Algorithm is a procedure accepting arguments of any data type that satisfies certain properties (invariant, concept). Data structure, or abstract data type, is an invariant-defined set of data types which is studied for the analysis of algorithms. The design, implementation and use of general algorithms is called generic programming.

In computational complexity theory, oracle is a black box that is able to produce a solution for any instance of a given computational problem.

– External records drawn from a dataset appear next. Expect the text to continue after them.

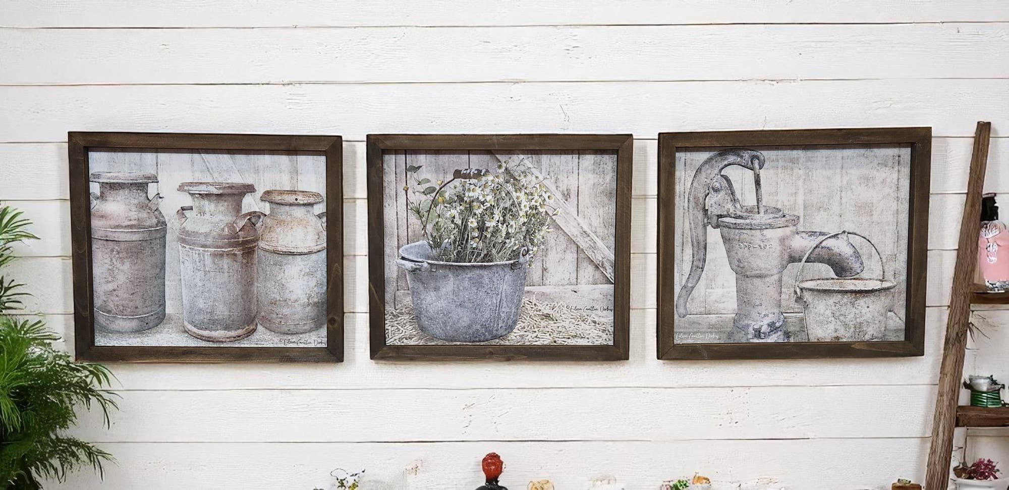 A brand new set for your warm country bathroom! Perfectly coordinated with a variety of shades: Brown, rust, aqua and red. • Orientation: Horizontal • Style: Country, Vintage, Antique, Farmhouse, Rustic • Color(s): Red, Rust, Yellow, Brown, Aqua • Suggested Rooms: Bathroom, Laundry Room, Kitchen ••••••••••••••••••••••••••••••••• PRODUCT DETAILS: Prints are unframed, printed on professional luster photo paper for rich color, and packaged with backing board in a clear glassine sleeve. Matted prints are mounted in archival 4-ply white mats with backing, ready for standard frames, and packaged similarly.
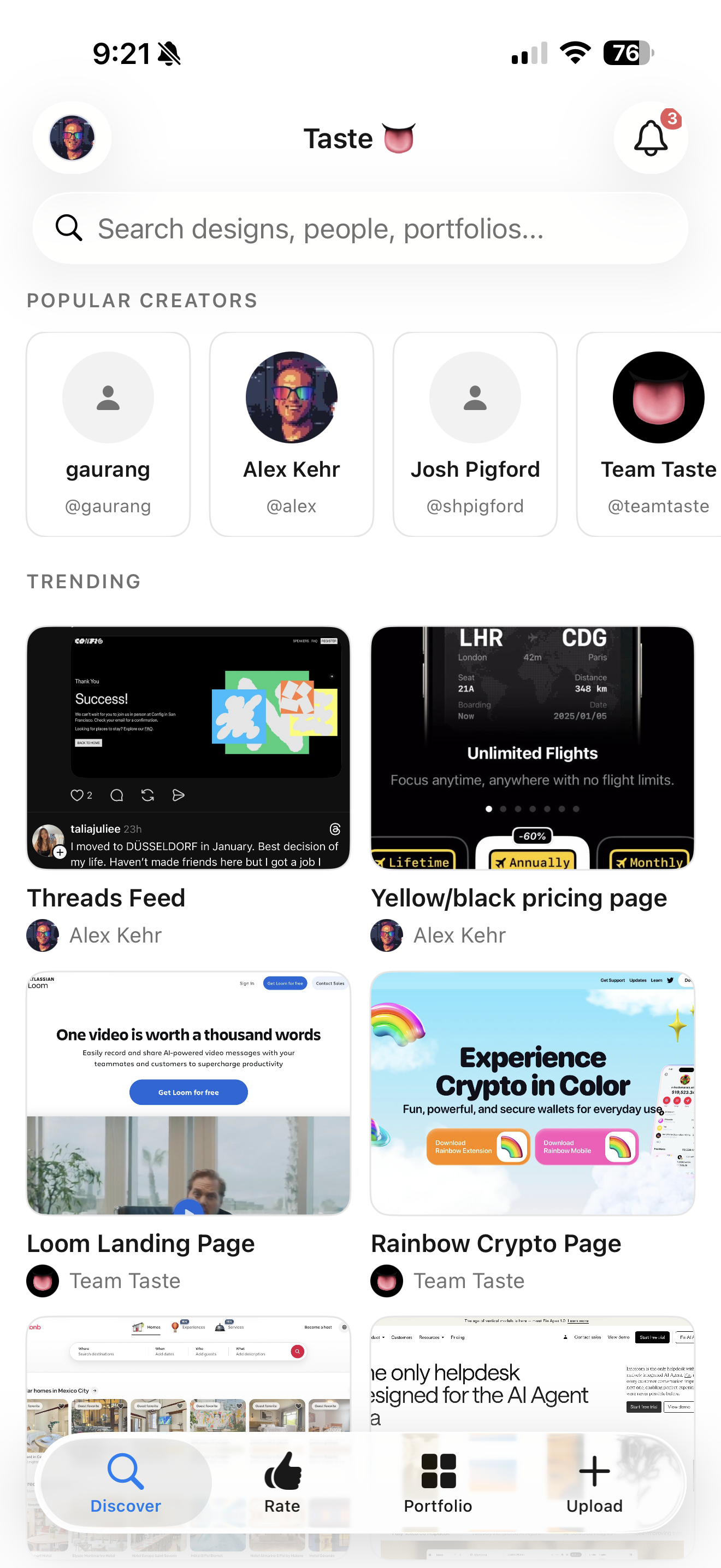 Upload screenshots, rate community designs, and browse your library — all from your iPhone.
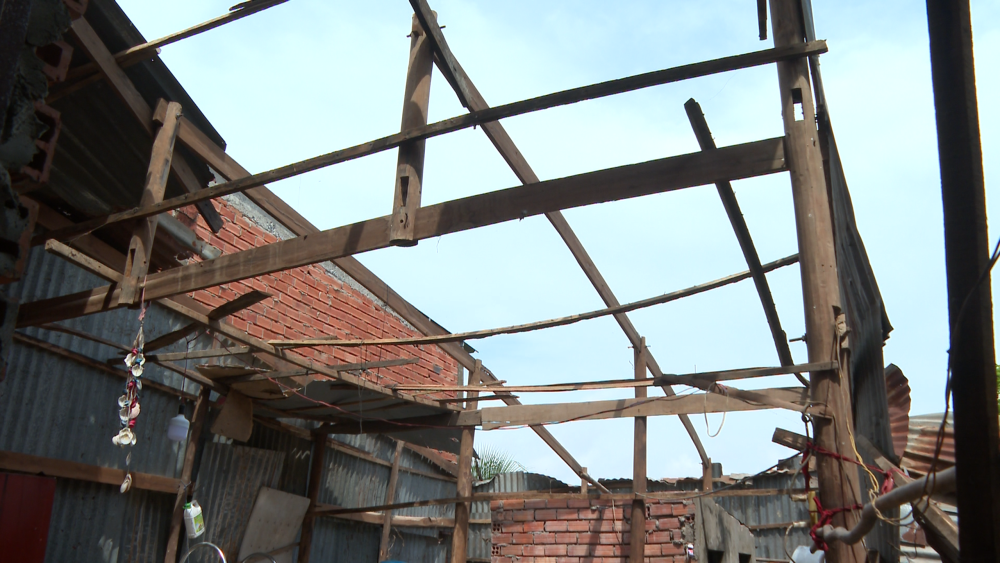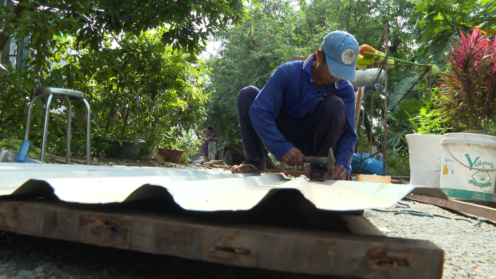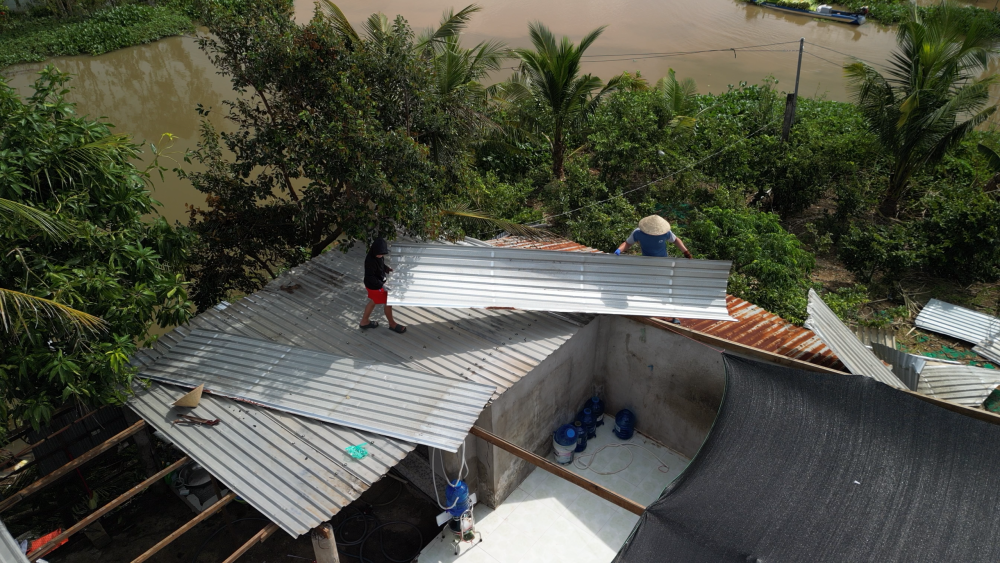 Gia đình bà Trương Thị Nhành (ngụ xã Tân Hưng, tỉnh Tây Ninh) lợp lại mái nhà sau khi bị mưa và gió giật mạnh làm tốc mái

In optimization, first-order oracle is an oracle that provides first-order information of the objective, i.e. function value and (sub-)gradient, at a given point: $x \mapsto (f(x), f'(x))$.

Algorithm

Algorithm analysis

Sorting algorithms

Graph algorithms

Data structure

  1. Set: a collection of unique values.
  2. List (linked list): every element has a key and a reference, with linear structure and insertion or removal from anywhere during iteration.
    • Stack (FILO): a container with insert/push and delete/pop operation at one end (top).
    • Queue (FIFO, buffer): a container with insert/enqueue at one end (back) and delete/dequeue at another (front).
  3. Tree (hierarchy): every element/node has one parent except the root, and may have one value/key.
    • Heap (priority queue): The key of a parent node is always no greater/less than those of its children.
  4. Graph: mapping within a set which can represent connection, directed link, and weight.
  5. Associative array (map, dictionary): a collection of key-value pairs, where keys are unique.
    • hash table: a hash function separates each key into a separate bucket of an array.
    • search tree: ordered, optimized for search.
  6. Multimap: a collection of keys potentially associted with multiple values.